In one study psychological factors were able to predict 91% of the time which back pain patients would recover from an acute pain condition and which would go on to become disabled (Gatchel, et al., 1995).
A major study found that job dissatisfaction, hysteria and antisocial traits were better predictors of who would file an injury report in the future than were 50 medical variables (Battíe & Bigos, 1991).
Of 98 patients admitted to a pain management program for patients with nonmalignant chronic pain, 34 were definitely depressed, 20 were probably depressed, and 44 were not depressed (Maruta, 1989).
Patients treated in a functional restoration treatment program for chronic low back pain and were compared with 72 patients not treated. A two-year follow-up that 87% of the treatment group was actively working after two years, as compared with only 41% of the nontreatment comparison group.
Certain psychiatric syndromes appear to precede chronic low-back pain (substance abuse and anxiety disorders), whereas others (specifically, major depression) develop either before or after the onset of chronic low- back pain ( Polatin et al, 1993).
In a twenty year-long study at Kaiser-Permanente, it was found that more than 60% of all visits by medical patients at their facilities were made by individuals with no clear diagnosable disorder.

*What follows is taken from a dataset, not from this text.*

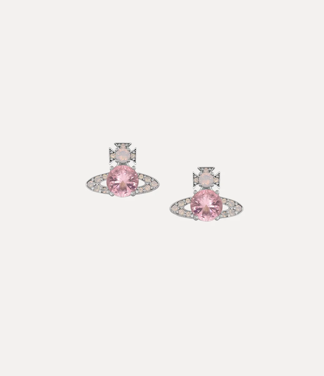 Onze Ismene oorbellen zijn gemaakt van gepolijst zilverkleurig metaal, afgewerkt met een grote, gefacetteerde roze edelsteen in het midden van elke oorbel. De Saturnusring van het bolontwerp is versierd met delicate roze kristallen, terwijl het kruis aan de bovenkant is bezet met een melkachtige, iriserende edelsteen.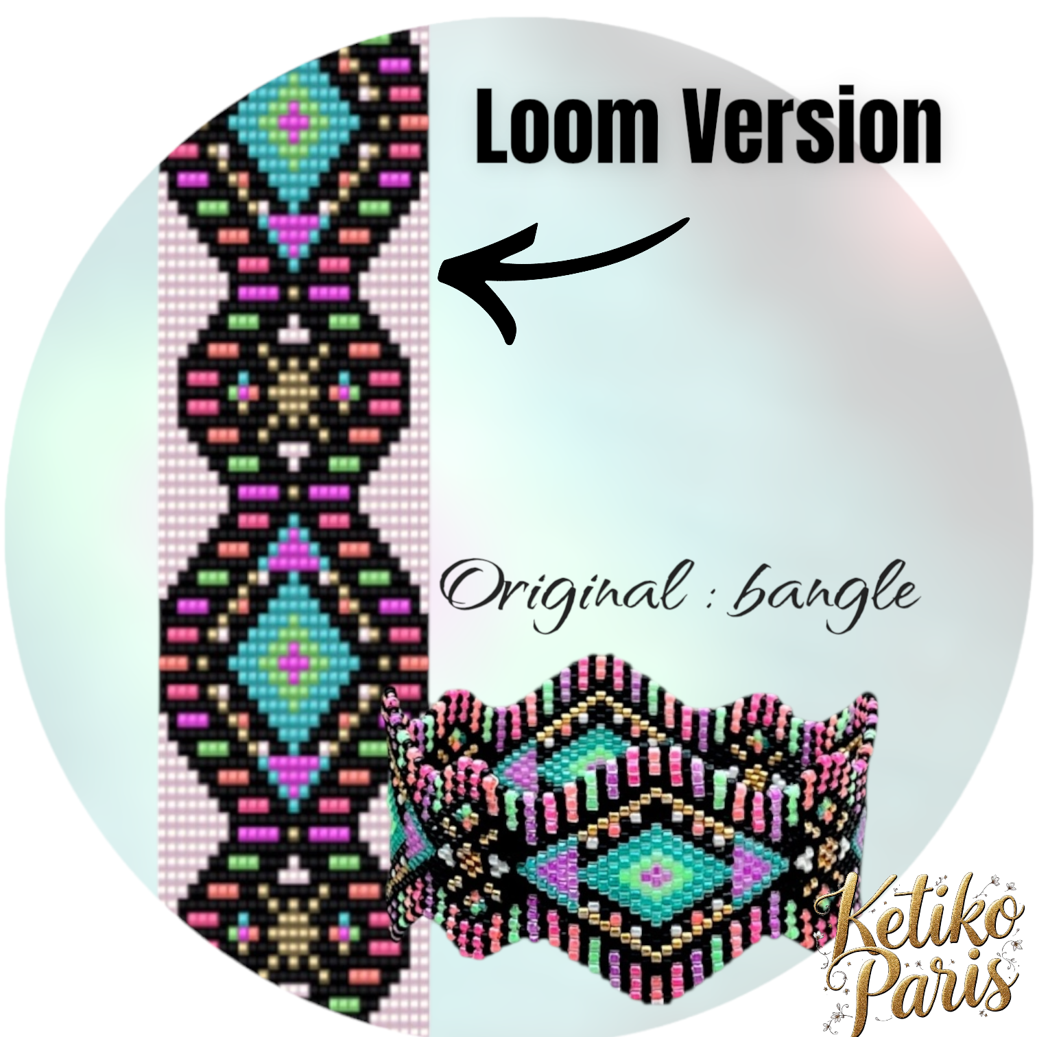Pour les versions crées à partir du bangle, j'essaye de rester aussi proche que possible de l'original, mais il y a forcément des différences étant donné que les perles ne sont pas symétriques. Les couleurs utilisées sont les mêmes.

These persons were labeled "the worried well" (Cummings & VandenBos, 1981).
In a study of 26,000 subjects in 14 countries, it was found that physical disability was more closely associated with psychological factors than it was with medical diagnosis (Ormel, et al., 1994).
Colorado State Worker's Compensation regulations recommend that a Psychological evaluation be performed on patients at 6-12 weeks after injury if there is no improvement .
Over 90 million Americans &emdash; about 45% of non-institutionalized persons &emdash; have one or more chronic conditions, with annual costs estimated to be $659 billion in 1987 (Hoffman, Rice & Sung, 1996)
American corporate health and safety costs are estimated to be $418 billion in direct costs annually, $837 billion in indirect costs, for a total of $1.256 trillion in annual costs (Brady, et al, 1997).
In a study of the MRIs of 98 "normal" persons with no back pain symptoms, 52% had bulging disks, 27% had a protrusion, and 1% had an extrusion (Jensen, et al., 1994).